Justification of chosen bioaccumulation phrase:

Since log Kow < 4 at pH 7, rivastigmine has low potential for bioaccumulation.


Excretion (metabolism)

Rivastigmine is rapidly and extensively metabolised, primarily via cholinesterase-mediated hydrolysis to the decarbamylated metabolite. In vitro, this metabolite shows minimal inhibition of acetylcholinesterase. Unchanged rivastigmine is not found in the urine; renal excretion of the metabolites is the major route of elimination. Following administration of 14C-rivastigmine, renal elimination was rapid and essentially complete (>90 %) within 24 hours. Less than 1% of the administered dose is excreted in the faeces. (Novartis Core Data Sheet Exelon® (rivastigmine))


PBT/vPvB assessment

Based on screening criteria, rivastigmine has low potential for bioaccumulation and can therefore not be considered a potential PBT or vPvB substance.


References

  • ECHA 2008, European Chemicals Agency. 2008 Guidance on information requirements and chemical safety assessment. http://guidance.echa.europa.eu/docs/guidance_document/information_requirements_en.htm

  • ABC Laboratories Final Report 43080. Acute Toxicity of ENA 713 to Selenastrum capricornutum Printz. 14. June 1996

  • ABC Laboratories Final Report 43078. Static Acute Toxicity of ENA 713 to Daphnia magna. 13. June 1996

  • RCC study no.: B40476. ENA713DS. Effect on Survival and Reproduction of Daphnia magna in a Semi-Static Test over Three Weeks. Final report: 13. May 2008

  • ABC Laboratories, Final Report 43079. Static Acute Toxicity of ENA 713 to Bluegill (Lepomis macrochirus). 12. June 1996

  • RCC study no.: B40498. ENA713DS. Toxic Effects to Zebra Fish (Brachydanio rerio) in an Early-Life Stage Toxicity Test. Final report: 23. April 2008

  • RCC Study No.: B40465. ENA713 DS. Toxicity to Activated Sludge in a Respiration Inhibition Test. Final Report: 17 Dec 2007

  • Harlan Laboratories Study No.: C06282. Effects of ENA713 DS on the Development of

    Sediment-Dwelling Larvae of Chironomus riparius in a Water-Sediment System. Final report: 19. May 2009.

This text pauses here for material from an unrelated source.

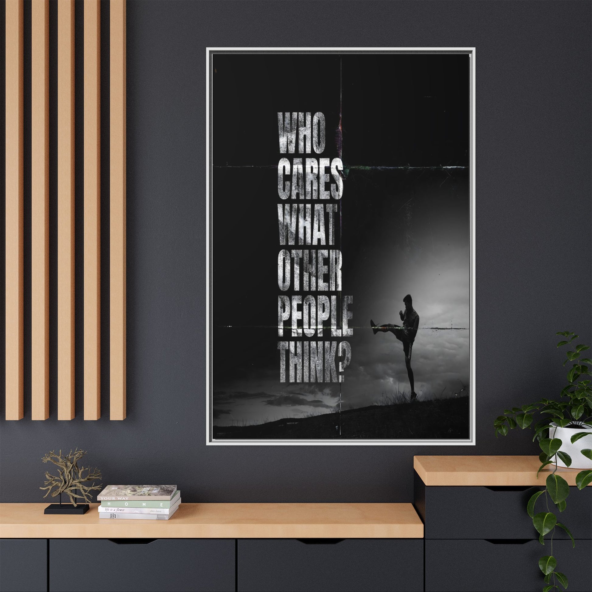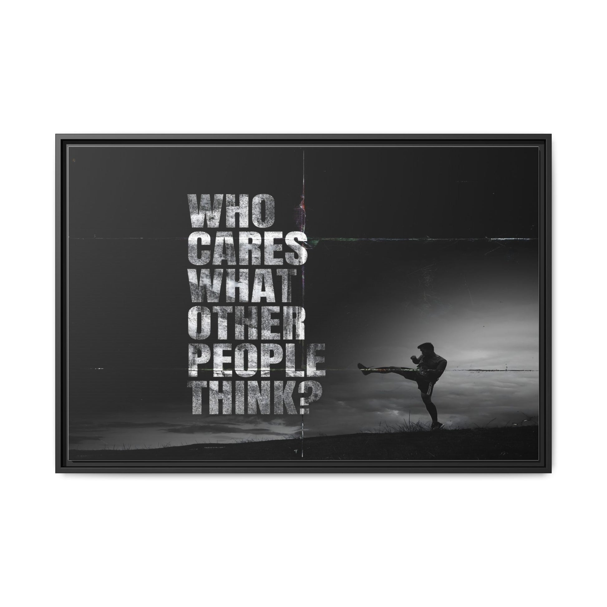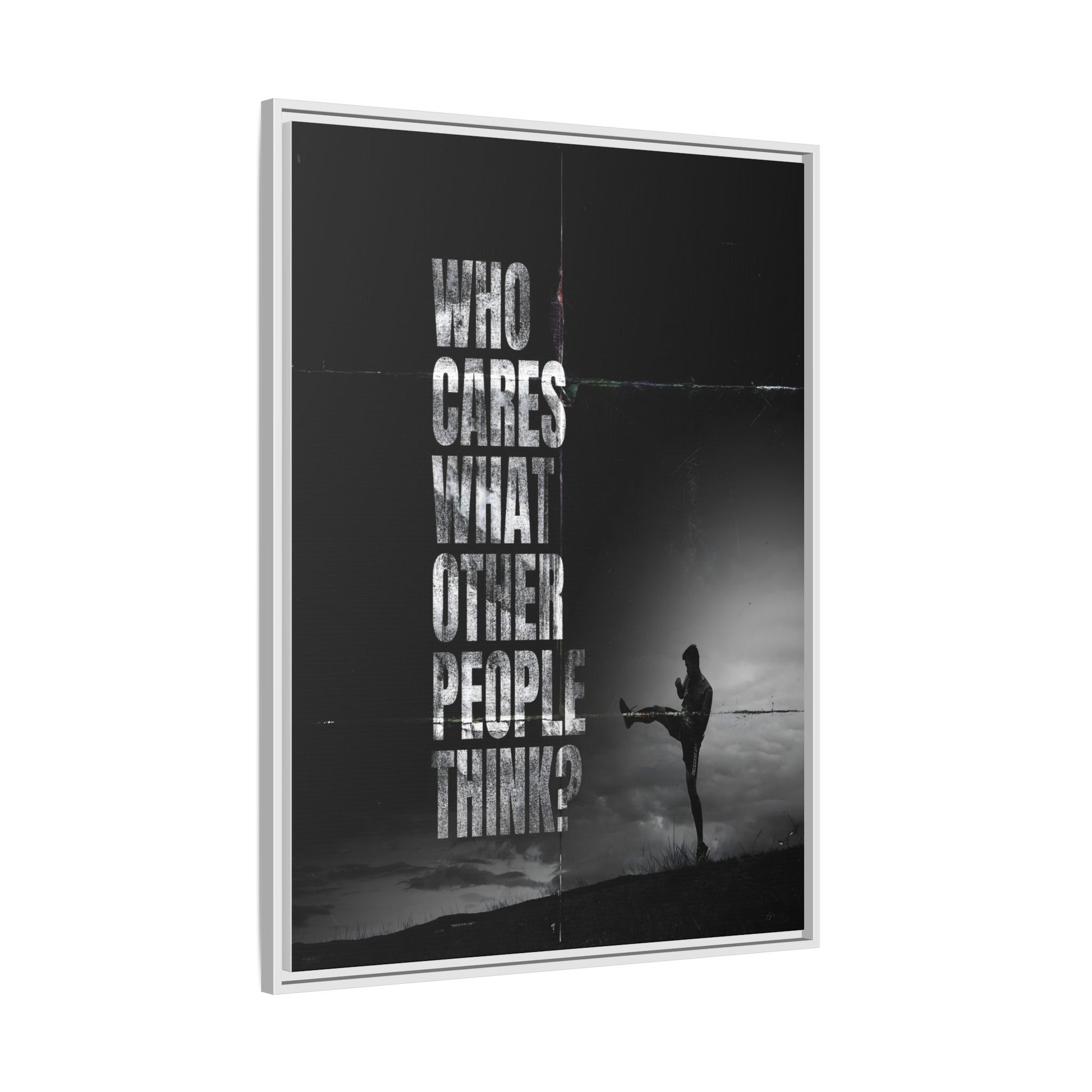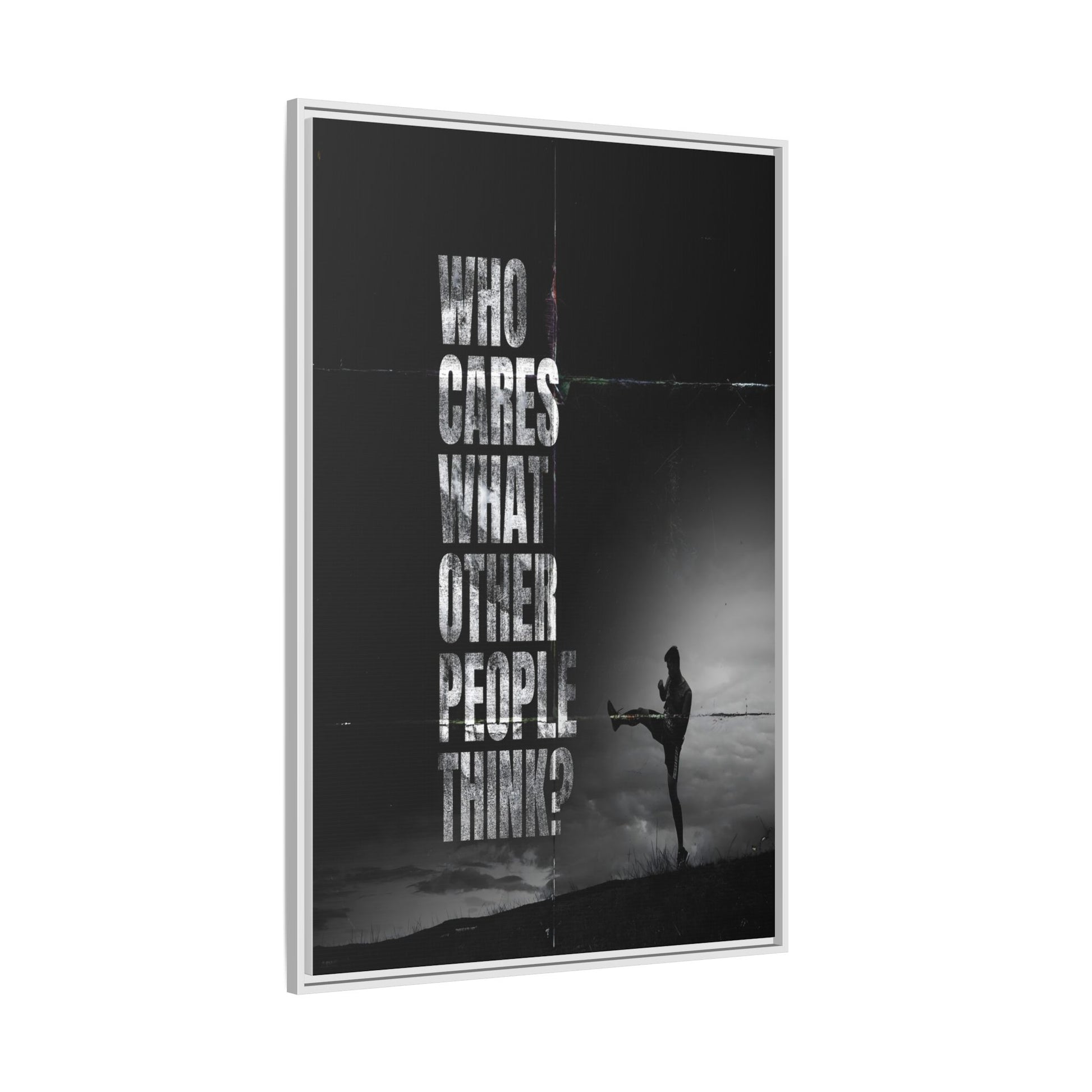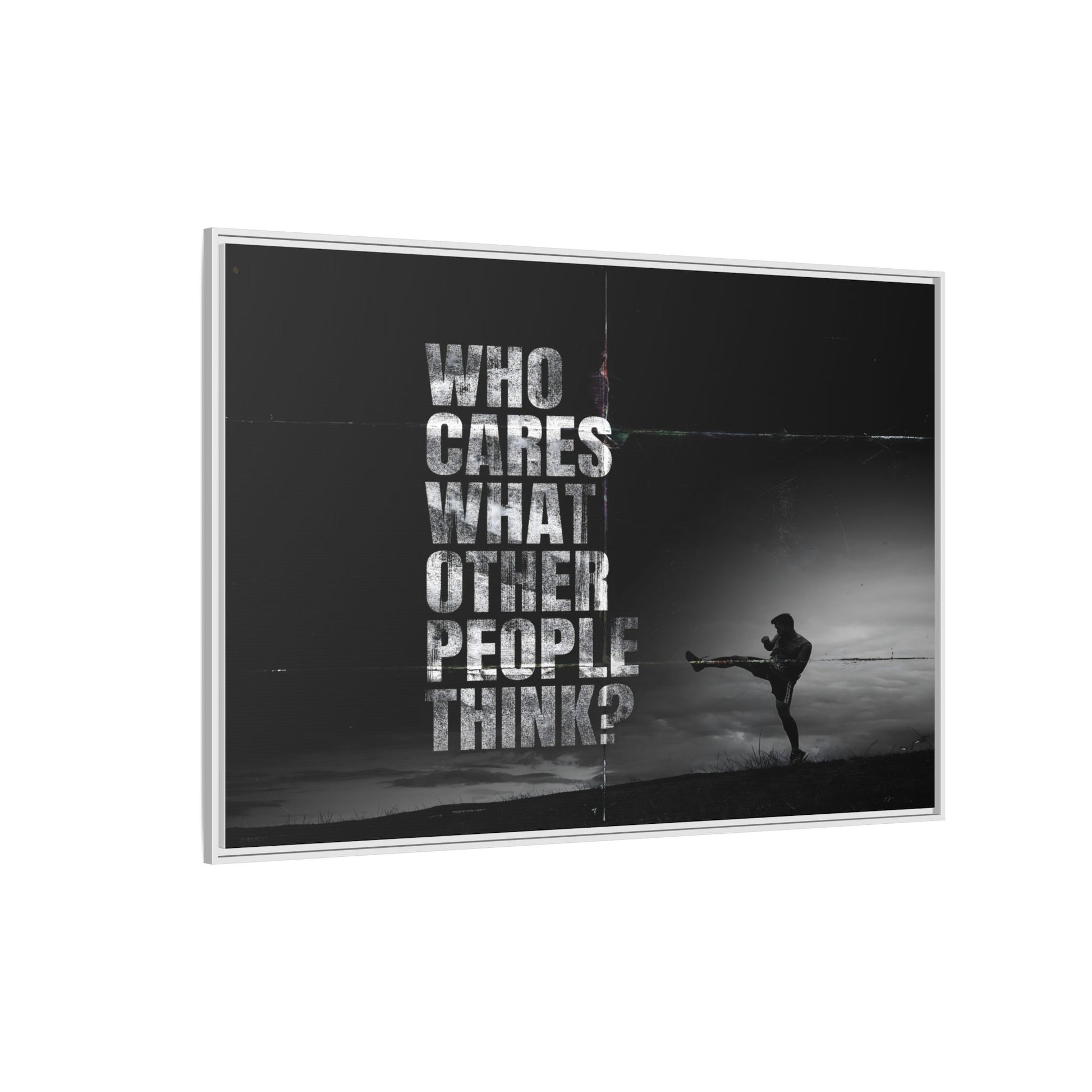 This powerful black and white graphic features the provocative text "WHO CARES WHAT OTHER PEOPLE THINK?" in large, distressed white letters against a dark, moody background. To the right of the text, a silhouetted figure is shown in a dynamic kicking pose, standing on a minimalist landscape with cloudy skies. The image conveys a strong message of individualism, independence, and defiance against social judgment or external expectations. The high-contrast design and dramatic positioning emphasize the rebellious spirit of the phrase. The overall aesthetic is stark, minimalist, and emotionally charged, using visual elements to reinforce the bold statement about personal authenticity.

  • ABC Laboratories Final Report 42970. Aerobic Biodegradation of ENA 713 in Water. 07. March 1996

  • RCC study number B40454.

  • ABC Laboratories Final Report 42967. Determination of the Octanol/Water Partition Coefficient (Shake Flask Method) of ENA 713. 15. August 1996

  • Novartis Core Data Sheet Exelon® (rivastigmine), Version 2.0, 27 May 2014.